== The input ==

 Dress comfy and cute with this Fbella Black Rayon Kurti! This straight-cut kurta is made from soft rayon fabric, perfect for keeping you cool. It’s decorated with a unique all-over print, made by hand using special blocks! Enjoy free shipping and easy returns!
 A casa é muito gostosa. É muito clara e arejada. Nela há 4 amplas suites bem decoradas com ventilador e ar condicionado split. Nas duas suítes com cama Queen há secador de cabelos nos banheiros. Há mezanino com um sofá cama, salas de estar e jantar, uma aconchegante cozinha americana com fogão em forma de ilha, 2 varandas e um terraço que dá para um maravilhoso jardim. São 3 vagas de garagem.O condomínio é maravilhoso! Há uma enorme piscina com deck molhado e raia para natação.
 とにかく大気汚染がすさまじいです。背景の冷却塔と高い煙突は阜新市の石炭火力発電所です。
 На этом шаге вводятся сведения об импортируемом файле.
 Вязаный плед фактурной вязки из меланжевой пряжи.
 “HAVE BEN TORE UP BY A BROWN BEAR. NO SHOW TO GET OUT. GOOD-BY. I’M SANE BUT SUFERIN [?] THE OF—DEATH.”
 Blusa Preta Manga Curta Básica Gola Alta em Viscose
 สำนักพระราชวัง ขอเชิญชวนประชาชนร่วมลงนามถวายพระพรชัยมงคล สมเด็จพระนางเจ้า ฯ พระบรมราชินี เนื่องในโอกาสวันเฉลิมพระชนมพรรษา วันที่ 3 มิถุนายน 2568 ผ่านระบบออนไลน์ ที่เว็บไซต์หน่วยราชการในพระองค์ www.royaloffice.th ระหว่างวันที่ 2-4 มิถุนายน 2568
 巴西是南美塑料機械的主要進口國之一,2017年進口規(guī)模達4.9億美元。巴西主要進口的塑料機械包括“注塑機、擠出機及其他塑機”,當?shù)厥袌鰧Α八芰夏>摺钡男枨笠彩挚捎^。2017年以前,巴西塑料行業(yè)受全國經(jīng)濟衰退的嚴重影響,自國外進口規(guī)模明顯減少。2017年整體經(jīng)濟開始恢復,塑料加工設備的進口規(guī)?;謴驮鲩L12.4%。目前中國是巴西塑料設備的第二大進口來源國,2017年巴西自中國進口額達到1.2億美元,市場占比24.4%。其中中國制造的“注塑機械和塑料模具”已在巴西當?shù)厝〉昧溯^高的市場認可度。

===

## Work instructions
Whatever the material above holds, copy it over exactly, line by line.

## Output below
 Dress comfy and cute with this Fbella Black Rayon Kurti! This straight-cut kurta is made from soft rayon fabric, perfect for keeping you cool. It’s decorated with a unique all-over print, made by hand using special blocks! Enjoy free shipping and easy returns!
 A casa é muito gostosa. É muito clara e arejada. Nela há 4 amplas suites bem decoradas com ventilador e ar condicionado split. Nas duas suítes com cama Queen há secador de cabelos nos banheiros. Há mezanino com um sofá cama, salas de estar e jantar, uma aconchegante cozinha americana com fogão em forma de ilha, 2 varandas e um terraço que dá para um maravilhoso jardim. São 3 vagas de garagem.O condomínio é maravilhoso! Há uma enorme piscina com deck molhado e raia para natação.
 とにかく大気汚染がすさまじいです。背景の冷却塔と高い煙突は阜新市の石炭火力発電所です。
 На этом шаге вводятся сведения об импортируемом файле.
 Вязаный плед фактурной вязки из меланжевой пряжи.
 “HAVE BEN TORE UP BY A BROWN BEAR. NO SHOW TO GET OUT. GOOD-BY. I’M SANE BUT SUFERIN [?] THE OF—DEATH.”
 Blusa Preta Manga Curta Básica Gola Alta em Viscose
 สำนักพระราชวัง ขอเชิญชวนประชาชนร่วมลงนามถวายพระพรชัยมงคล สมเด็จพระนางเจ้า ฯ พระบรมราชินี เนื่องในโอกาสวันเฉลิมพระชนมพรรษา วันที่ 3 มิถุนายน 2568 ผ่านระบบออนไลน์ ที่เว็บไซต์หน่วยราชการในพระองค์ www.royaloffice.th ระหว่างวันที่ 2-4 มิถุนายน 2568
 巴西是南美塑料機械的主要進口國之一,2017年進口規(guī)模達4.9億美元。巴西主要進口的塑料機械包括“注塑機、擠出機及其他塑機”,當?shù)厥袌鰧Α八芰夏>摺钡男枨笠彩挚捎^。2017年以前,巴西塑料行業(yè)受全國經(jīng)濟衰退的嚴重影響,自國外進口規(guī)模明顯減少。2017年整體經(jīng)濟開始恢復,塑料加工設備的進口規(guī)?;謴驮鲩L12.4%。目前中國是巴西塑料設備的第二大進口來源國,2017年巴西自中國進口額達到1.2億美元,市場占比24.4%。其中中國制造的“注塑機械和塑料模具”已在巴西當?shù)厝〉昧溯^高的市場認可度。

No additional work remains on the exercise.